┏━━

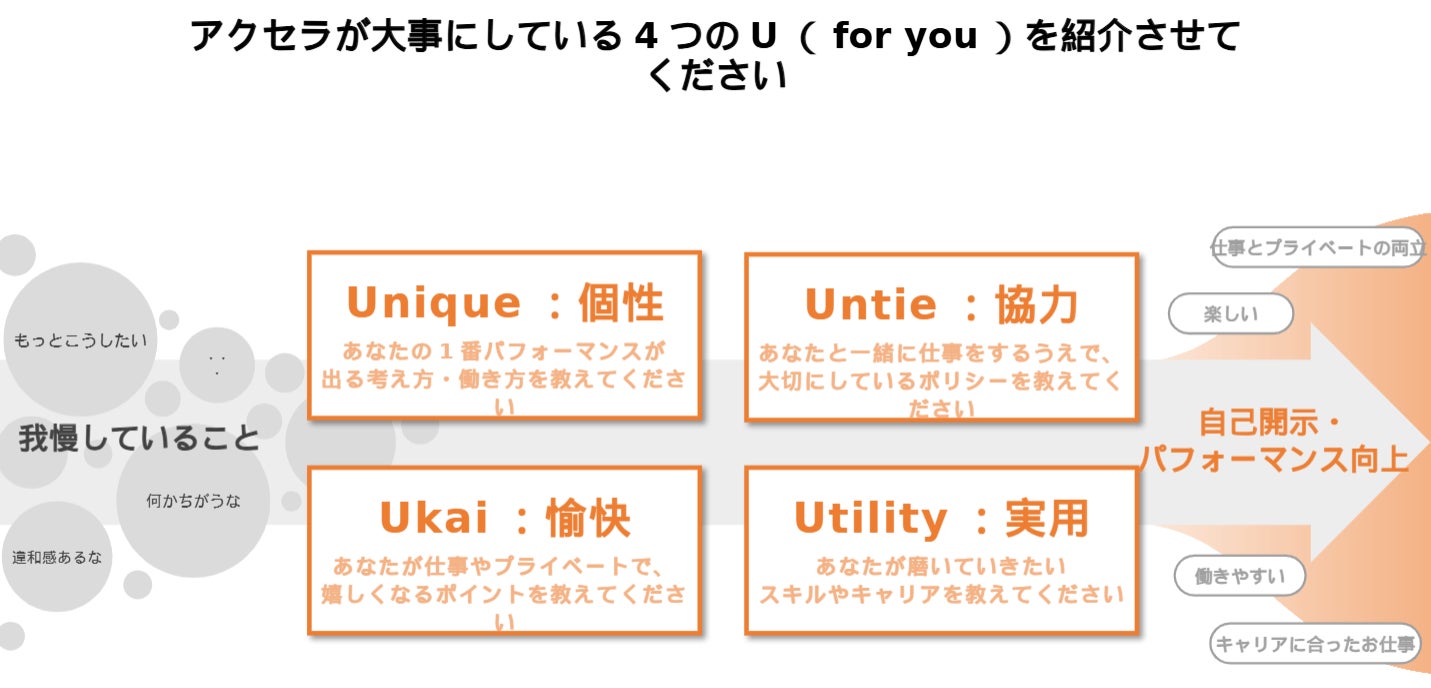 すべての社員が最大限のパフォーマンスを発揮できる環境を提供し、多様な価値観を尊重する採用を行っています。私たちは、以下の4つの「U」を軸に、一人ひとりの個性やキャリアを大切にしています。
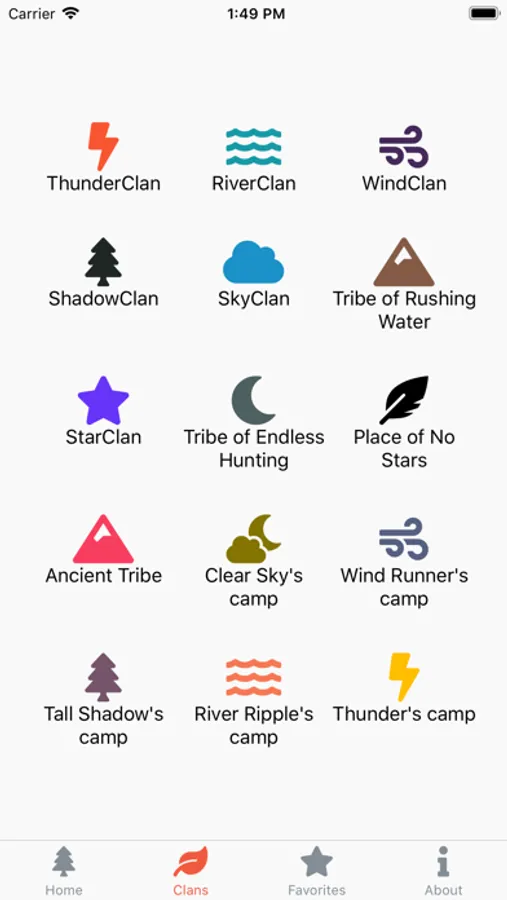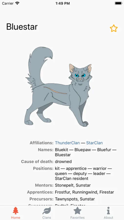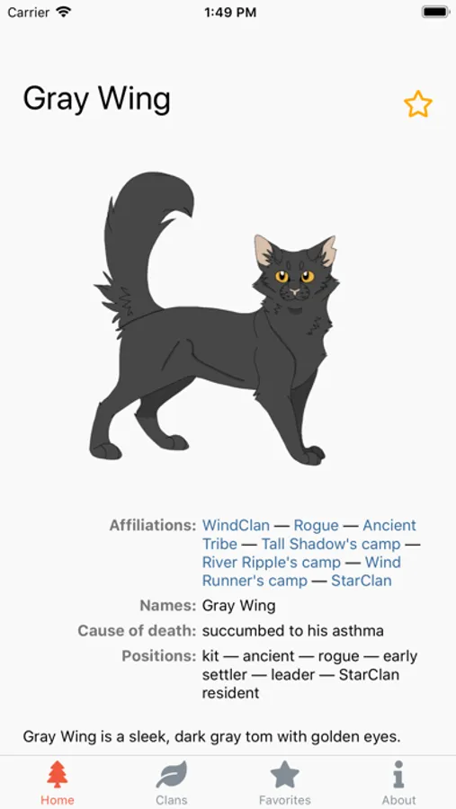 The app contains information about more than 1200 characters of Warriors by Erin Hunter: names, positions, appearance, kin and more.
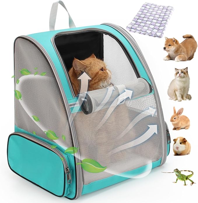 LOLLIMEOW Pet Carrier Backpack for Dogs and Cats,Puppies,Fully Ventilated Mesh,Airline Approved,Designed for Travel, Hiking, Walking & Outdoor Use (Mesh Green-M)
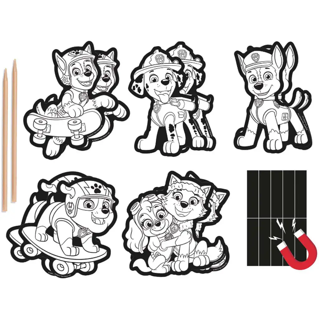 Sada 10 kreativních škrabacích magnetek na lednici s motivem Tlapkové patrolySada 10 kreativních škrabacích magnetek na lednici s motivem Tlapkové patroly
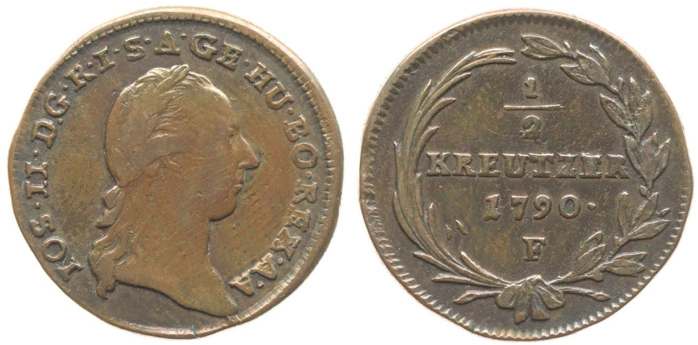Cu 1/2 Krejcar 1790 F, AM.2, Her.428_R!

┗━━

▸ **Task instructions**:
Write out, word for word, the line containing "LOLLIMEOW Pet Carrier" and each line after it to the end of the data, and nothing more. Drop the pictures.

▸ **Task output**:
 LOLLIMEOW Pet Carrier Backpack for Dogs and Cats,Puppies,Fully Ventilated Mesh,Airline Approved,Designed for Travel, Hiking, Walking & Outdoor Use (Mesh Green-M)
 Sada 10 kreativních škrabacích magnetek na lednici s motivem Tlapkové patrolySada 10 kreativních škrabacích magnetek na lednici s motivem Tlapkové patroly
Cu 1/2 Krejcar 1790 F, AM.2, Her.428_R!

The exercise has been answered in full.